The exact function of STK11 needs further investigating, and it is currently thought to play a role in cell signaling and apoptosis [21]. The elimination of STK11 kinase activity and the impaired interaction between STK11 and several proteins (P53, Cdc37, Hsp90, and PTEN) are probably responsible for PJS phenotype, which are mainly associated with a loss of growth suppression function [22]. STK11 induces cell cycle arrest and apoptosis on the dependence of P53. Overexpression of STK11 could elevate the transcriptional activity of P53, while its depletion inhibited P53 functions, which has been observed in patients of PJS-associated GI carcinomas [23, 24]. Transgenic mice experiments have proven a greater life span reduction and tumor incidence increasing in STK11 and P53 both knockout than single gene knockout [25]. In PJS, a mutation in key domain of STK11 gene may induce the function impaired of STK11 protein and the disturbance in its interaction with the partners, and eventually cause PJS phenotype, including the cancerogenesis.

Generally, identification of a STK11 gene mutation in an index patient offers the possibility of a predictive diagnosis in PJS pedigrees, but sometimes a patient without a positive family history is found clinically. Genetic testing often discovers a STK11 germline mutation carried only by the proband but not the parents, which is called a de-novo mutation. In these cases, clinicians should take de-novo mutation into consideration and be aware of the possible cancer risk, so that an appropriate surveillance recommendation can be suggested. The genotype–phenotype correlation in PJS is indeed existing but largely obscure, and PJS-associated cancer should be considered as a complex disease, with gene–gene and gene-environment interactions. So surveillance is as important as diagnosis for clinical management in PJS.

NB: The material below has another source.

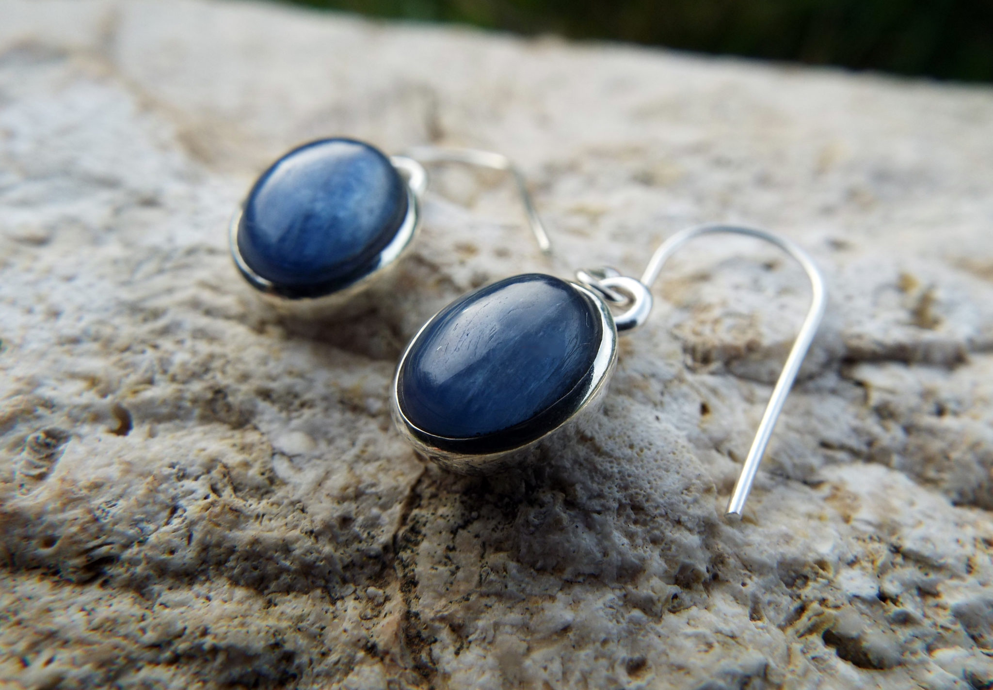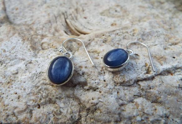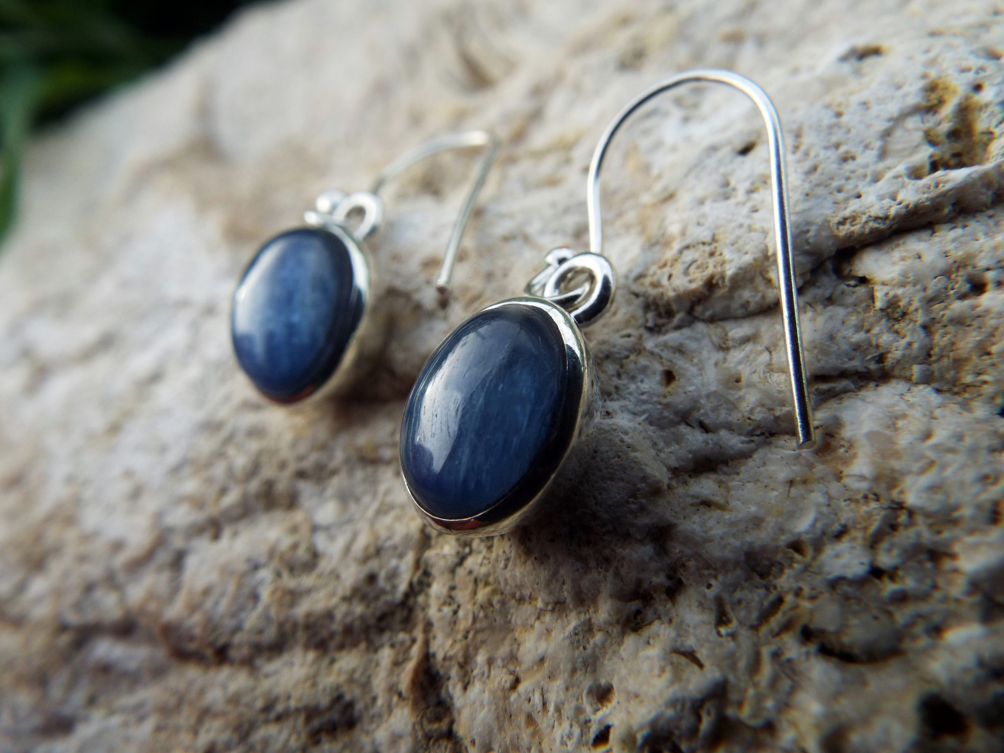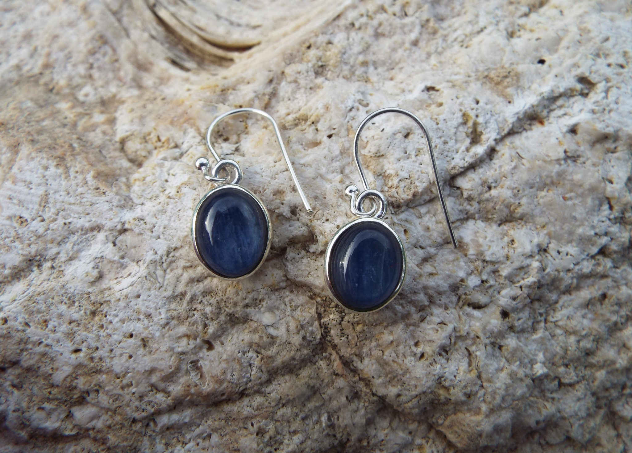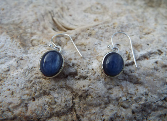 Embrace kyanite’s amazing energies with this beautiful pair of drop earrings! They’ve been handmade with sterling silver 925 and deep ocean-like kyanite.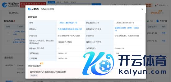 新浪科技讯 1月10日下昼音讯,天眼查深度风险信息显现,近日,哪吒汽车关连公司合众新动力汽车股份有限公司新增一条股权冻结信息,股权被实验的企业为浩智团聚科技(安徽)有限公司,被冻结股权数额1亿东谈主民币,冻结期限自2025年1月8日至2028年1月7日,实验法院为湖南省株洲市中级东谈主民法院。

To treat PJS, DBE is the key method to use. When DBE is absent, PJS patients often suffer from recurrent intestinal obstruction and come to the surgical emergency [26]. With the widely use of DBE, PJS patients can be managed intensively to avoid emergency condition and potential cancer risk. People with positive family histories should receive first upper GI endoscopy and colonoscopy at age 8 years, and regular follow-up is necessary [27]. DBE is the most effective method to detect and remove small bowel polyps nonoperatively [28,29,30,31]. In our clinical center, 131 PJS patients who had abdominal surgery for intestinal obstruction before received DBE intervention, and 113 of them (86.3%) avoid a second open surgery, indicating proper follow-up ensures the patients free of intestinal obstruction and malignancy [32].

In conclusion, we identified a novel heterozygous mutation (c.426–448delCGTGCCGGAGAAGCGTTTCCCAG, p.S142SfsX13) in the STK11 gene causing PJS in a Chinese female without a PJS family history, and this mutation possesses high cancer risk. This study also expanded the mutation spectrum of PJS, which formed the fundament of genetic counseling.